Organ recitals galore
On 21 February we held a dinner to bid a fond farewell and a warm thank you to Nigel Wightman who has led our Investment Advisory Committee for 20 years with great distinction and success in uncertain times. We were treated to a wonderful organ concert by Anne Page before the dinner. She is one of the most distinguished organists in the UK at present. She played works by Bach, Handel, Rogg and Lemmens. It showed the great versatility of our new organ for which we again salute the generosity of Gerald and Margo Smith. Gerald is also a member of the IAC.
The series of Organ Recitals organised by Alex Flood our Interim Director of Music continues and has been a great success. Edward Bence of Oriel performed on 29 January playing Camillo Schumann’s Sonata 6 in A minor Op 110, and we welcomed Augustine Cox from Trinity College, Cambridge, on 12 February playing Purcell, Alain, Whitlock and Ropek. The ‘home team’ were represented by our Junior Organ Scholar, Simeon Wren, on 26 February, and first-year mathematician Jude Young on 12 March, who is also Junior Organ Scholar at St Peter’s College.
Ale Verses and other music
One of the great joys of this time of the year is the Ale Verses which takes place at dinner on Shrove Tuesday. Our students are extremely versatile and know songs by groups of whom I have never heard. The winning song this year was set to the tune of Country Roads by John Denver of which I had heard. It included the immortal lines “All my Nostrils gather round here, Good old Andy and big man Bowers”. It was a bumper year for songs and any of six could have been the winner.
One of the most memorable Platnauer Concerts during my Principalship took place on 6 February.
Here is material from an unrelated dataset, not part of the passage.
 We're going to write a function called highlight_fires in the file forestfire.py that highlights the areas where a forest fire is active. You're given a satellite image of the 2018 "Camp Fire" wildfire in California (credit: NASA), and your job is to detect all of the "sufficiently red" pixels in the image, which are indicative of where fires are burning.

It was by Classico Latino, a five person group whose work was subtitled “Discovering music from the Latin American songbook”. The blurb announced that “Latin America has found a unique variety in the expression of the innate musicianship of its people, taking influences from indigenous communities and from each successive wave of immigrants, from the time of the conquistadors to the present day”. And it was much more, a truly gorgeous display of musicianship. I was also delighted to find that the leader was a lawyer in his day job.
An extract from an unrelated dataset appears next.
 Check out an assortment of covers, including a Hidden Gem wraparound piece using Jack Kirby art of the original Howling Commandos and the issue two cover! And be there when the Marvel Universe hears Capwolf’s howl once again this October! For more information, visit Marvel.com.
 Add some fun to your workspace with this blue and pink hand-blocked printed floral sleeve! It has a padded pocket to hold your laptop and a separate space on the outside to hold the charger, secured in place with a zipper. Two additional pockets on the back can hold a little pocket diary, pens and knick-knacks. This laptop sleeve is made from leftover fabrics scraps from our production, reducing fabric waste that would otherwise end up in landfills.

We were also treated to a splendid concert of music for violin and piano on 7 March. Rising star Sharon Zhou was accompanied by our own Jonathan Katz in music by J.S. Bach, Beethoven, and Debussy, to a rapturous reception from a capacity audience who were rewarded with Paganini’s ‘Cantabile’ as an encore.
The SCR has been busy too. It welcomed Paul Christopher Walton who read Modern History at BNC. He is famous for writing Bluff Your Way in Marketing and helping unleash Quorn upon an unsuspecting world. Paul’s talk, ‘Beyond the Orange Glow? Poetry and the Power of Place’, was a highly personal and entertaining mash-up of topography, history, and brands — featuring at least six poems.
An anniversary
I found this on a commemoration website:
“On 16 February 1963, the Beatles played at the Carfax Assembly Rooms, to the right of the present HSBC bank. The assembly rooms were reached via a side passage. The downstairs premises were small and used for meetings, while the upstairs room where dances were held was larger. Afterwards Jeffrey Archer, future novelist, Conservative Party politician, and peer, but never a matriculated member of Oxford University, invited the boys to the principal’s lodging at Brasenose. Also present was future theatre critic Sheridan Morley, then a student at Merton, who recalls: ‘I went to the toilet, and there beside me was Ringo Starr. He asked if I knew this Jeffrey Archer bloke. I said everyone in Oxford was trying to work out who he was. Ringo said: “He strikes me as a nice enough fella, but he’s the kind of bloke who would bottle your p*ss and sell it.”’
We have in the Lodgings a grainy photo of the visit.